Um die Motivationstiefs zu überwinden und weiterzumachen, erinnert sie sich an ihre Ziele. Kurzfristig möchte sie sich für die EGOI qualifizieren, während weiter in der Zukunft die Qualifikation für die Internationale Informatik-Olympiade (IOI) als ihr größtes Ziel auftaucht. Sie behält eine geerdete und fokussierte Einstellung und nähert sich ihren Zielen Schritt für Schritt, wobei sie anerkennt, dass Motivationshochs und -tiefs normal sind.
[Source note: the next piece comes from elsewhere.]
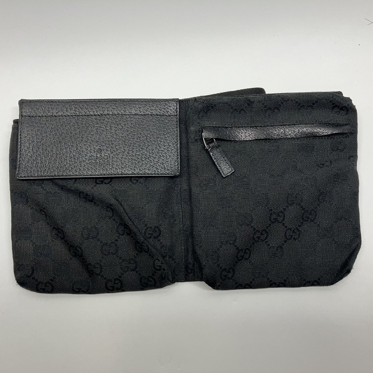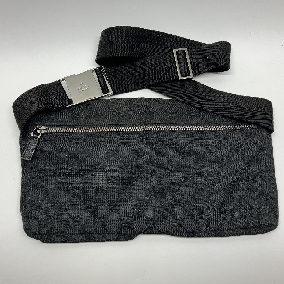 π【 GUCCI グッチ GGキャンバス ボディバッグ 28566 ブラック ウエストバッグ 002122 クロスボディ 斜め掛け レザー キャンバス 】KH14686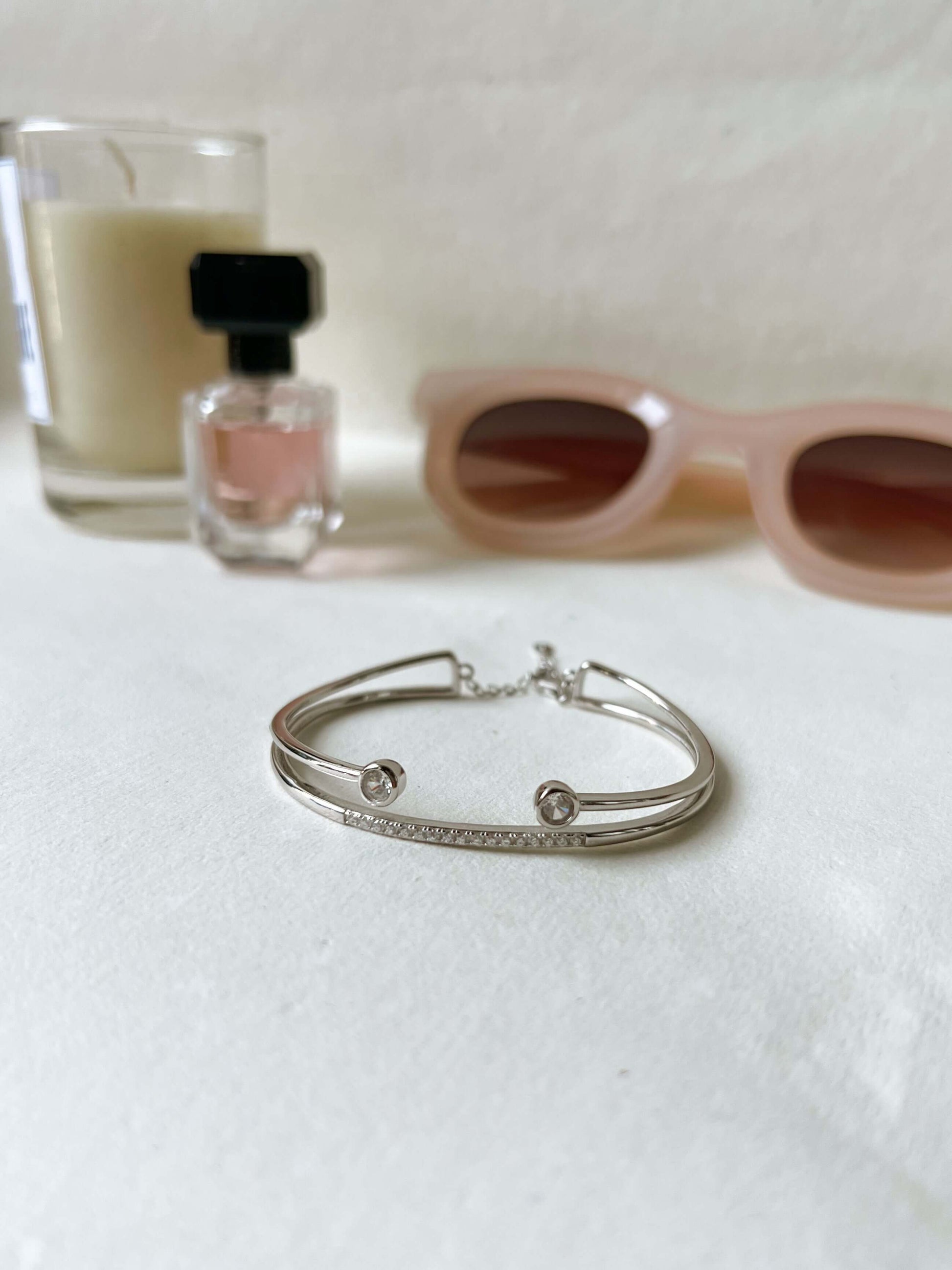 Introducing our stunning bracelet with a double band and zircons, it is perfect for any fashion-forward individual who wants to add a touch of elegance to their outfit. The double band gives a look of wearing 2 bangle stacked together, this unique design is sure to catch the eye.

Vivienne scheint die goldene Regel für Gewohnheiten und Produktivität selbst herausgefunden zu haben: Fang einfach an und die Motivation wird folgen. "Manchmal nehme ich mir einfach einen Tag frei [...] irgendwann zwinge ich mich einfach zum Coden, und nachdem ich mich einmal zum Coden gezwungen habe, kommt es [die Motivation] normalerweise zurück".
Abgesehen von ihren olympischen Ambitionen genießt sie das Programmieren sehr, vor allem das Gefühl der Zufriedenstellung, das sie beim Lösen von Problemen bekommt. "[...] wenn man ein Problem löst, das vielleicht etwas schwierig ist, oder wenn man vielleicht eine lange Zeit damit verbringt, seinen Code zu debuggen, und es dann endlich löst - dieses Gefühl ist sehr schön, weil man so viel Zeit investiert hat. Oder wenn man vielleicht dachte, dass man es nicht lösen kann, als man die Beschreibung zum ersten Mal gelesen hat, und dann hat man es einfach versucht und irgendwann hat man es gelöst, das genieße ich wirklich".
In ihren Augen geht der Nutzen der Teilnahme an SOI über die Informatik hinaus. Die Teilnehmer trainieren ihr logisches Denken und ihre Problemlösungsfähigkeiten, sie lernen, Wissen zu integrieren und auf unterschiedliche Weise auf verschiedene Probleme anzuwenden, selbständig Lösungen zu finden, statt auswendig zu lernen. Sie entwickeln Ausdauer und lernen, dass "selbst wenn ein Problem sehr schwierig aussieht, man trotzdem rational darüber nachdenkt, was zu tun ist und wie man versuchen kann, es zu lösen - ich denke, das ist eine wertvolle Lektion". Dies sind die Erkenntnisse aus der SOI-Erfahrung, die Vivienne in ihr tägliches Leben mitnehmen kann.
Als zusätzlichen Vorteil hat ihre Leidenschaft für das Programmieren sie auch ihrem Bruder näher gebracht - selbst ein ehemaliger Teilnehmer der Informatik-Olympiade und jetziger Teamleiter, der sie zuerst ermutigte, an der SOI teilzunehmen. Das gemeinsame Interesse hat ihre Beziehung gestärkt.
Ihre ermutigenden Worte für andere Mädchen, an SOI teilzunehmen, sind: "Probieren Sie es einfach aus, versuchen Sie es. Es kann nichts Schlimmes passieren, also gibt es wirklich keinen Grund, es nicht zu tun. Wenn man erst einmal angefangen hat, findet man mehr Motivation, sich weiter zu verbessern, und es ist befriedigend, zurückzublicken und seinen Fortschritt zu erkennen, indem man vergleicht, was man vor einem Jahr noch schwer fand, mit dem, was man heute kann". Als Anfängerin ist die Lernkurve unglaublich steil und der Fortschritt ist schnell spürbar.
Auch wenn es nicht mehr so ist wie zu Beginn, bemerkt Vivienne immer noch ihre rasante Verbesserung. Mit schnellen und erheblichen Fortschritten in der Zeit, in der sie teilgenommen hat, und vier weiteren Jahren des Wettbewerbs vor sich, bewegt sie sich stetig auf ihre Ziele zu. Dank ihrer harten Arbeit, ihrer Ausdauer und der Denkweise, die sie während ihrer SOI-Reise entwickelt hat, ist es nur eine Frage der Zeit, bis sie diese erreicht.